WORK INSTRUCTIONS -
Only the pictures should be dropped; copy the rest of the entries exactly.

EXERCISE DATA -
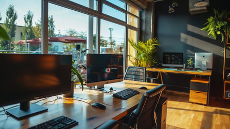 Stylish modern coworking room interior with pc computers on desk, panoramic window
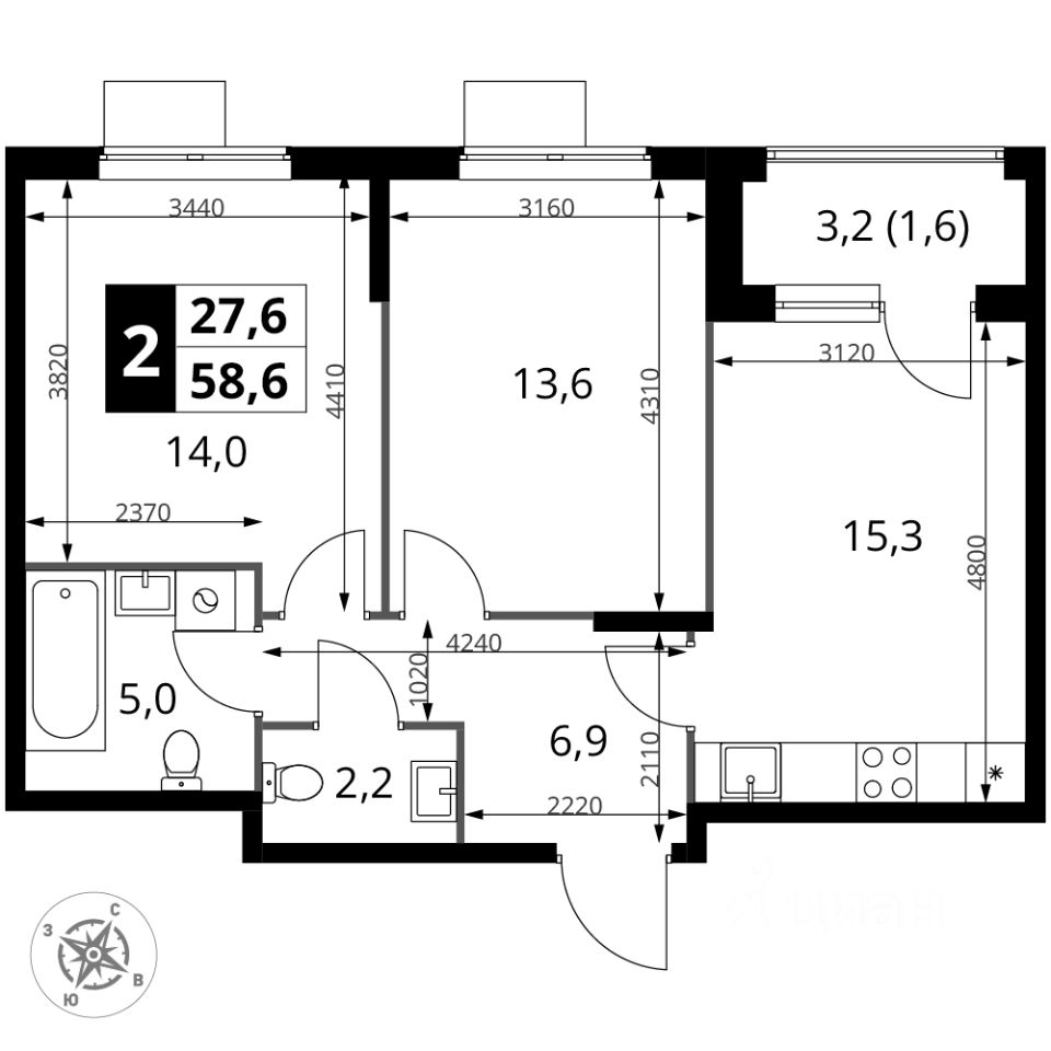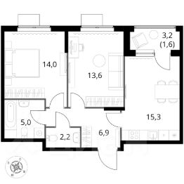 Продаётся 2-к квартира номер 372 общей площадью 58.6 кв.м. на 12-м этаже 12 этажного здания. Отделка Whitebox. Цена с учётом скидки.
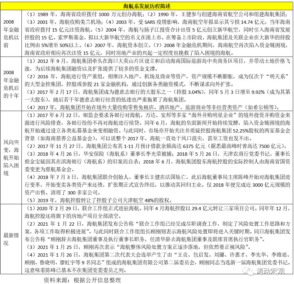 2、2018年4月26日,華安保險(海航系)董事長李光榮被捕;同年年5月26日,天津農商行黨委書記、董事長殷金寶疑因其在濱海銀行(海航系)的舊案而自殺;同年6月,海航集團股東海航控股的實際控制人由海南省國資委變更為慈航基金會;同年7月3日,海航集團聯合創始人、董事長王健在法國墜亡。
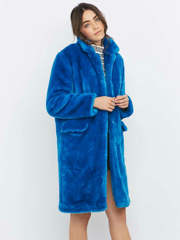 Manteau en fausse fourrure mi long à col couleur bleu électrique de Feamadonna sur Urban Outfitters
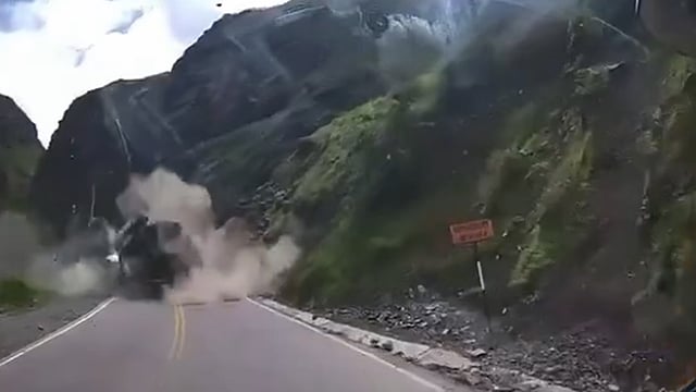 പെറുവില് നിന്നുള്ളതാണ് ദൃശ്യങ്ങള്. മലയോര ഹൈവേയിലൂടെ യാത്ര ചെയ്യുമ്പോഴാണ് ലോറി അപകടത്തില്പ്പെടുന്നത്. മലയുടെ മുകളില് നിന്ന് ഉരുണ്ടുവരുന്ന വലിയ പാറക്കഷണം ലോറിയുടെ മുകളിലേക്ക് വീഴുന്നതാണ് ദൃശ്യങ്ങളിലുള്ളത്. വീഴ്ചയുടെ ആഘാതത്തില് ലോറി മറയുന്നതും ദൃശ്യങ്ങളില് കാണാം.
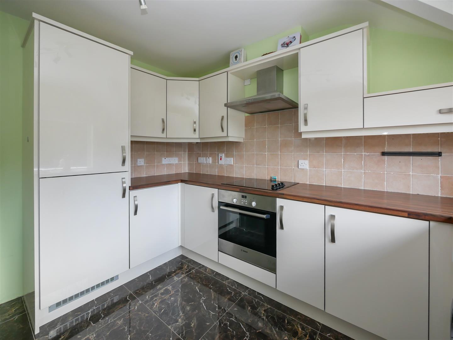 Modern fitted kitchen with a range of high and low level units, single drainer 1 1/4 bowl sink unit with mixer taps, formica work surfaces, part tiled walls, 4 ring hob and under oven, extractor fan, washing machine, tumble dryer, integrated fridge / freezer, tiled floor.
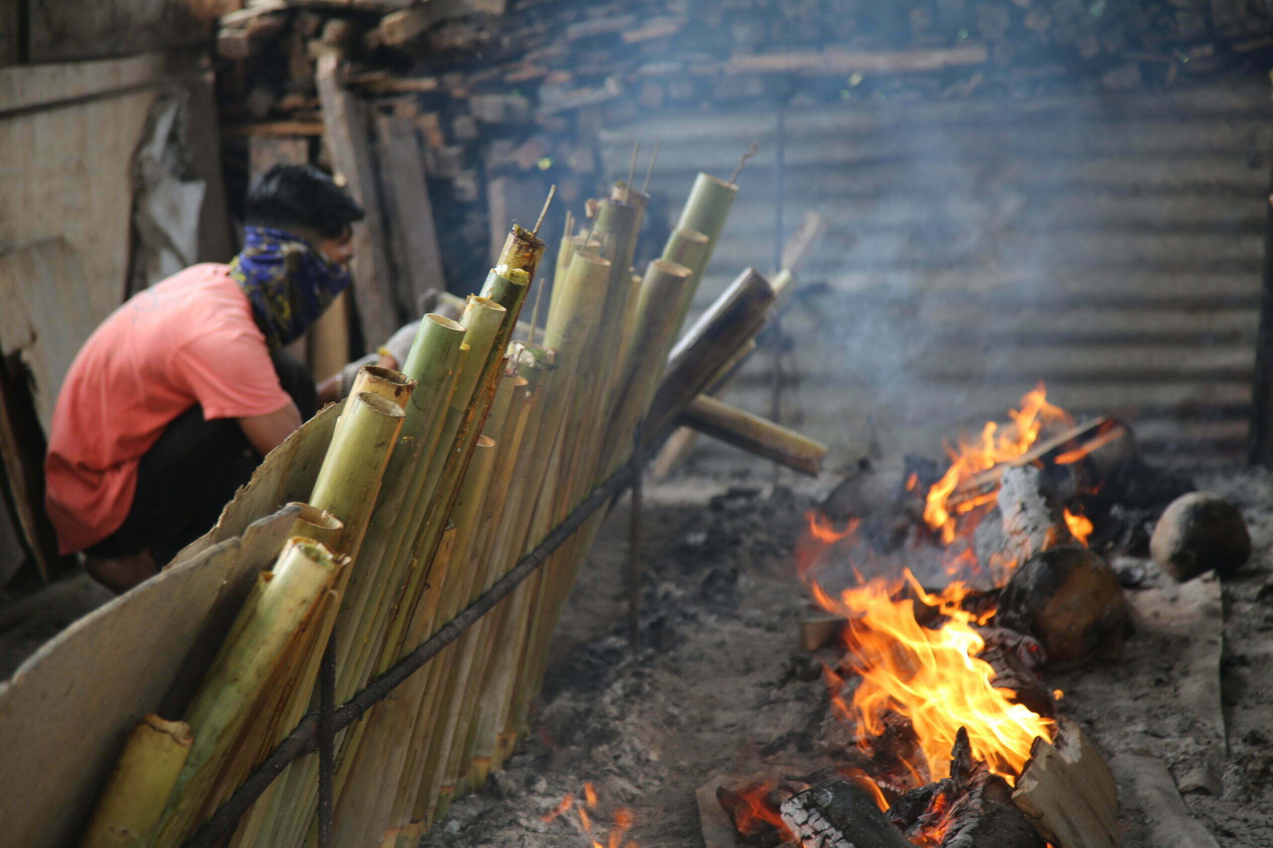 Untuk prosesnya, awalnya lemang digulung terlebih dahulu pada selembar daun pisang. Kemudian, lemang dimasak di dalam seruas bambu lalu dibakar di atas bara api yang sedang tidak boleh terlalu besar dan tidak boleh terlalu kecil apinya selama 8 jam.
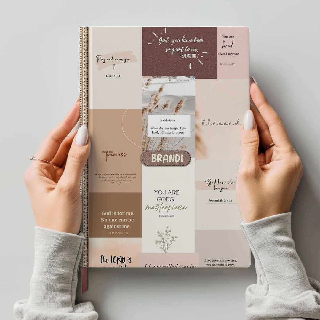 Celebrate your faith in the most personal way with our Personalized Leather Notebook – a one-of-a-kind Christian journal where each letter of your name is paired with a meaningful Bible verse, based on the Alphabet of God’s Word.
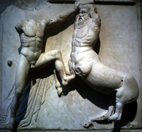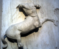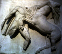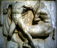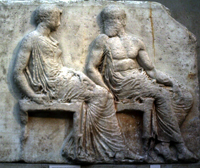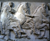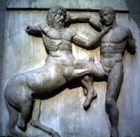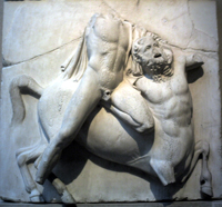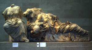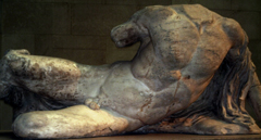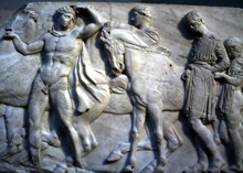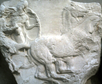 The pediments on the Parthenon showed the gods on Olympus on one end, and the contest between Poseidon and Athena to be the god of Athens on the other. Only fragments remain. They are all of gods, and some horses.
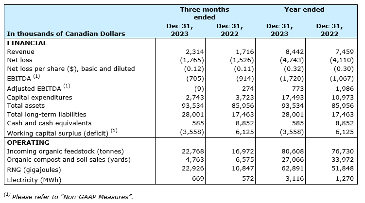 Revenues of $2.3-million and $8.4-million for Q4 and fiscal year 2023 increased 35 per cent and 13 per cent, respectively, from $1.7-million and $7.5-million for Q4 and fiscal year 2022, primarily due to incremental RNG (renewable natural gas) production from the completion of the phase I RNG expansion project at GrowTEC and the commencement of the 10-year organic waste processing agreement with the City of Regina. Revenues are expected to continue to increase in future periods, relative to previous periods, following the completion and ramp-up of the Fraser Valley biogas RNG expansion project.
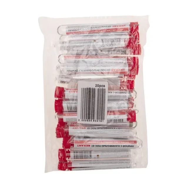 Припой ПОС-61 предназначен для пайки и лужения деталей электро- и радиоаппаратуры, точных приборов, печатных плат, медицинской техники. Особенно эффективен при работе с элементами, чувствительными к перегреву. Припой с канифолью REXANT представляет собой проволоку (диаметром 1 мм) из сплава олова (61 %) и свинца (39 %). Нагреваясь до температуры плавления (183...190 °С) припой: расплавляется, смачивает спаиваемый металл и, растекаясь по нему — заполняет место между соединяемыми деталями. В свою очередь флюс канифольный активный (MC-20A) помогает сделать паянное соединение более прочным! Убирая окислительную плёнку со спаиваемых поверхностей и защищая их от дальнейшего окисления при пайке. Содержание флюса в припое — 2,2 %. Как видно из вышесказанного припой с канифолью REXANT — самое что ни на есть «два в одном»: припой и флюс в колбах по 10 грамм.

ANSWER BOX -
 Stylish modern coworking room interior with pc computers on desk, panoramic window
 Продаётся 2-к квартира номер 372 общей площадью 58.6 кв.м. на 12-м этаже 12 этажного здания. Отделка Whitebox. Цена с учётом скидки.
 2、2018年4月26日,華安保險(海航系)董事長李光榮被捕;同年年5月26日,天津農商行黨委書記、董事長殷金寶疑因其在濱海銀行(海航系)的舊案而自殺;同年6月,海航集團股東海航控股的實際控制人由海南省國資委變更為慈航基金會;同年7月3日,海航集團聯合創始人、董事長王健在法國墜亡。
 Manteau en fausse fourrure mi long à col couleur bleu électrique de Feamadonna sur Urban Outfitters
 പെറുവില് നിന്നുള്ളതാണ് ദൃശ്യങ്ങള്. മലയോര ഹൈവേയിലൂടെ യാത്ര ചെയ്യുമ്പോഴാണ് ലോറി അപകടത്തില്പ്പെടുന്നത്. മലയുടെ മുകളില് നിന്ന് ഉരുണ്ടുവരുന്ന വലിയ പാറക്കഷണം ലോറിയുടെ മുകളിലേക്ക് വീഴുന്നതാണ് ദൃശ്യങ്ങളിലുള്ളത്. വീഴ്ചയുടെ ആഘാതത്തില് ലോറി മറയുന്നതും ദൃശ്യങ്ങളില് കാണാം.
 Modern fitted kitchen with a range of high and low level units, single drainer 1 1/4 bowl sink unit with mixer taps, formica work surfaces, part tiled walls, 4 ring hob and under oven, extractor fan, washing machine, tumble dryer, integrated fridge / freezer, tiled floor.
 Untuk prosesnya, awalnya lemang digulung terlebih dahulu pada selembar daun pisang. Kemudian, lemang dimasak di dalam seruas bambu lalu dibakar di atas bara api yang sedang tidak boleh terlalu besar dan tidak boleh terlalu kecil apinya selama 8 jam.
 Celebrate your faith in the most personal way with our Personalized Leather Notebook – a one-of-a-kind Christian journal where each letter of your name is paired with a meaningful Bible verse, based on the Alphabet of God’s Word.
 The pediments on the Parthenon showed the gods on Olympus on one end, and the contest between Poseidon and Athena to be the god of Athens on the other. Only fragments remain. They are all of gods, and some horses.
 Revenues of $2.3-million and $8.4-million for Q4 and fiscal year 2023 increased 35 per cent and 13 per cent, respectively, from $1.7-million and $7.5-million for Q4 and fiscal year 2022, primarily due to incremental RNG (renewable natural gas) production from the completion of the phase I RNG expansion project at GrowTEC and the commencement of the 10-year organic waste processing agreement with the City of Regina. Revenues are expected to continue to increase in future periods, relative to previous periods, following the completion and ramp-up of the Fraser Valley biogas RNG expansion project.
 Припой ПОС-61 предназначен для пайки и лужения деталей электро- и радиоаппаратуры, точных приборов, печатных плат, медицинской техники. Особенно эффективен при работе с элементами, чувствительными к перегреву. Припой с канифолью REXANT представляет собой проволоку (диаметром 1 мм) из сплава олова (61 %) и свинца (39 %). Нагреваясь до температуры плавления (183...190 °С) припой: расплавляется, смачивает спаиваемый металл и, растекаясь по нему — заполняет место между соединяемыми деталями. В свою очередь флюс канифольный активный (MC-20A) помогает сделать паянное соединение более прочным! Убирая окислительную плёнку со спаиваемых поверхностей и защищая их от дальнейшего окисления при пайке. Содержание флюса в припое — 2,2 %. Как видно из вышесказанного припой с канифолью REXANT — самое что ни на есть «два в одном»: припой и флюс в колбах по 10 грамм.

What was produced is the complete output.